- Tenure: 4 July 1943 – 21 June 1949
- Predecessor: Arthur Butler, 4th Marquess of Ormonde
- Successor: Arthur Butler, 6th Marquess of Ormonde
- Born: 18 April 1890
- Died: 21 June 1949 (aged 59)
- Noble family: Butler dynasty
- Spouse: The Hon. Sybil Inna Mildred Fellowes
- Issue: James Anthony Butler, Viscount Thurles (1916–1940); Lady Moyra Rosamond Butler (1920–1959);
- Father: James Arthur Wellington Foley Butler, 4th Marquess of Ormonde
- Mother: Ellen Stager

= George Butler, 5th Marquess of Ormonde =

James George Anson Butler, 5th Marquess of Ormonde (18 April 1890 – 21 June 1949) was the son of James Arthur Wellington Foley Butler, 4th Marquess of Ormonde and American heiress Ellen Stager, daughter of Union General Anson Stager.

==Biography==
=== Early life ===
George Butler was born at 21 Park Lane, Mayfair, the home of his paternal grandmother the Dowager Marchioness of Ormonde. His father Lord Arthur Butler was the younger brother and heir-presumptive of James Butler, 3rd Marquess of Ormonde. At the time of George's birth Lord Ormonde had been married for eighteen years but had not fathered any sons; as a result George's succession to the Ormonde family titles and estates was considered a likely eventuality.

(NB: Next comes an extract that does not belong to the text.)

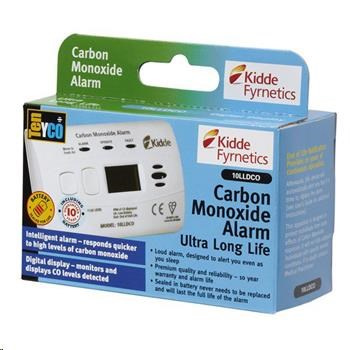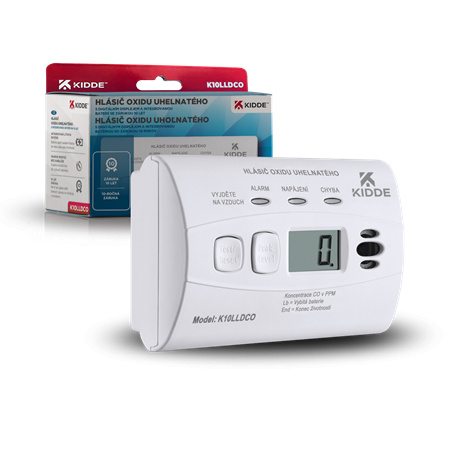 Detektor CO, měřící zařízení Kidde 10LLDCO, odolný proti vlhkosti s de-ionizovaným vodním elektrolytem, který provádí testování každou vteřinu na smrtelné nebezpečí v podobě oxidu uhelnatého. Novou funkcí tohoto nejnovějšího detektoru CO s produkce výrobce Kidde je LED indikátor, který v případě poruchy nebo nízké kapacity bateriového zdroje žlutě bliká a tak doplňuje odpovídající grafickou informaci zobrazenou na LCD panelu doprovázenou varovným akustický signálem a speciální zámek, jehož cílem je zabránění odstranění zařízení instalovaného na stěnu dětmi nebo nepovolanými osobami.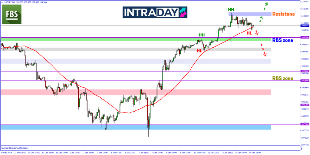 Jika penurunan berlaku, harga dilihat akan menguji semula paras 109.700 yang sebelum ini merupakan resistance pada carta USD/JPY dan kemudian membentuk zon RBS (resistance become support) yang baru.

George's mother Lady Arthur Butler was an American heiress, and her fortune allowed his parents to acquired the lease of a London House at 7 Portman Square in 1899, as well as the freehold of a medium-sized Country Manor with 170 acres at Gennings Park in Kent in 1901. As a boy he, along with his parents, were present Kilkenny Castle during the visit of King Edward VII and Queen Alexandra in 1904.

George completed his schooling at Harrow, before enrolling at the Royal Military College, Sandhurst. He joined the 1st Life Guards regiment and saw active service during the First World War, during which he was wounded. He retired from the British Army in 1920, but retained the Rank of Major in the Reserve of Officers.

=== Inheritance and Estates ===
Upon the death of his uncle, James Butler, 3rd Marquess of Ormonde, George's father Lord Arthur became the 4th Marquess of Ormonde. As the oldest son and heir to the family titles, George became entitled to use the courtesy title Earl of Ossory, which he was known by until his father's death in 1943. Under the terms of the 3rd Marquess' Will, Lord Ossory inherited a life interest in the family seat of Kilkenny Castle and several other estates traditionally owned by the Marquess of Ormonde. This was made in an attempt to avoid burdening the Estate with death duties for both the 3rd and 4th Marquesses. His father, the 4th Marquess, was supported by the independent wealth of his American wife, Ellen Stager.

The family's English estates were sold in the early 1920's to pay off the death duties payable on the estates following the death of Ossory's Uncle; some £160,000 in taxes, charges and administration fees were payable by the estate, which was valued at approximately £400,000 to £450,000. In addition to the significant costs charged on the estate after the Third Marquess' death, George was also required to make substantial annual outlays from the estate income to his aunt and uncles.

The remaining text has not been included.